NLTK - Remove Tags From Parsed Chunks

时间:2016-04-25 09:20:55

标签: python nlp nltk

#!/usr/bin/env python
# -*- coding: utf-8 -*-
import os
import nltk
import re

from nltk.tree import *
from nltk.chunk.util import tagstr2tree
from nltk import word_tokenize, pos_tag

text = "Yarın, Mehmet ile birlikte Ankara'da ki Nüfus Müdürlüğü'ne, Aziz 
Yıldırım ile birlikte, Şükrü Saraçoğlu Stadı'na gideceğiz.".decode("utf-8")

tagged_text = pos_tag(word_tokenize(text))
tagged_text2 = word_tokenize(text)

grammar = "NP:{<NNP>+}"

cp = nltk.RegexpParser(grammar)
result = cp.parse(tagged_text)

for tree in result:
    print(tree)

wrapped = "(ROOT "+ str(result) + " )"  # Add a "root" node at the top
trees = nltk.Tree.fromstring(wrapped, read_leaf=lambda x: x.split("/")[0])

for tree in trees:
    print(tree.leaves())

for tree2 in result:
    print(nltk.Tree.fromstring(str(tree2), read_leaf=lambda x: x.split("/")[0]))

The Output:

(NP Yar\u0131n/NNP)
(u',', ',')
(NP Mehmet/NNP)
(u'ile', 'NN')
(u'birlikte', 'NN')
(NP Ankara'da/NNP ki/NNP Nufus/NNP Mudurlugu'ne/NNP)
(u',', ',')
(NP Aziz/NNP Y\u0131ld\u0131r\u0131m/NNP)
(u'ile', 'NN')
(u'birlikte', 'NN')
(u',', ',')
(NP Sukru/NNP Saracoglu/NNP Stad\u0131'na/NNP)
(u'gidece\u011fiz', 'NN')
(u'.', '.')


['Yar\\u0131n', ',', 'Mehmet', 'ile', 'birlikte', "Ankara'da", 'ki', 'Nufus', "Mudurlugu'ne", ',', 'Aziz', 'Y\\u0131ld\\u0131r\\u0131m', 'ile', 'birlikte', ',', 'Sukru', 'Saracoglu', "Stad\\u0131'na", 'gidecegiz', '.']


(NP Yar\u0131n)
(u',', ',')
(NP Mehmet)
(u'ile', 'NN')
(u'birlikte', 'NN')
(NP Ankara'da ki Nufus Mudurlugu'ne)
(u',', ',')
(NP Aziz Y\u0131ld\u0131r\u0131m)
(u'ile', 'NN')
(u'birlikte', 'NN')
(u',', ',')
(NP Sukru Saracoglu Stad\u0131'na)
(u'gidece\u011fiz', 'NN')
(u'.', '.')

I referenced from :How can I remove POS tags before slashes in nltk?

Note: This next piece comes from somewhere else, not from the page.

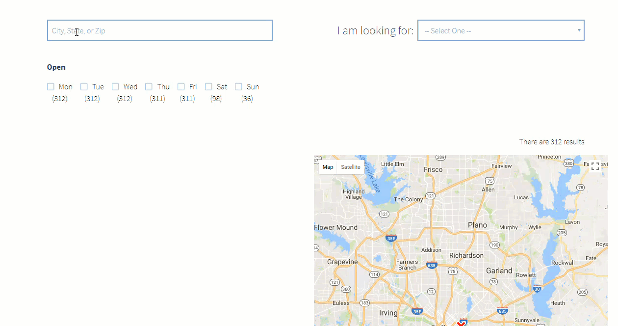- The Search Results component displays results automatically. How do you hide the results when a user has not yet performed an explicit search, such as with an address using the Location Finder component (Location Aware) or free text with Search Box component (Query Aware)?

I want to grouping proper names and remove the tags but when i used the solution it effects the whole text and after that my chunk parse is gone. I really tried the understand the tree structure but how can i apply the the removing function in for statement. I want my Output like:

My desired output:

[Yar\u0131n]
[,]
[Mehmet]
[ile]
[birlikte]
[Ankara'da ki Nufus Mudurlugu'ne]
...
...

Also i can't deal with utf-8 as you see my output is full of non-ascii characters. How can i deal with it ?

EDIT:

for i in range(len(tree)):
    arr.append(nltk.Tree.fromstring(str(tree[i]), read_leaf=lambda x: x.split("/")[0]).leaves())
    print(arr[i])

I found what shoul i write in the code but now i have the following error. I think i can't append punctuations on my array.

['Yar\\u0131n']
Traceback (most recent call last):
  File "./chunk2.py", line 61, in <module>
    arr.append(nltk.Tree.fromstring(str(tree[i]), read_leaf=lambda x: x.split("/")[0]).leaves())
  File "/usr/local/lib/python2.7/dist-packages/nltk/tree.py", line 630, in fromstring
    cls._parse_error(s, match, open_b)
  File "/usr/local/lib/python2.7/dist-packages/nltk/tree.py", line 675, in _parse_error
    raise ValueError(msg)
ValueError: Tree.read(): expected u'(' but got ','
            at index 0.
                ","
                 ^

2 个答案:

答案 0 :(得分:2)

它比你意识到的效率更低。您正在生成一个解析树,将其转换为字符串,将其包裹起来就好像它是多个树(它不是),然后将包装好的字符串解析回树中。只要您拥有解析树result,就停止并删除POS标签。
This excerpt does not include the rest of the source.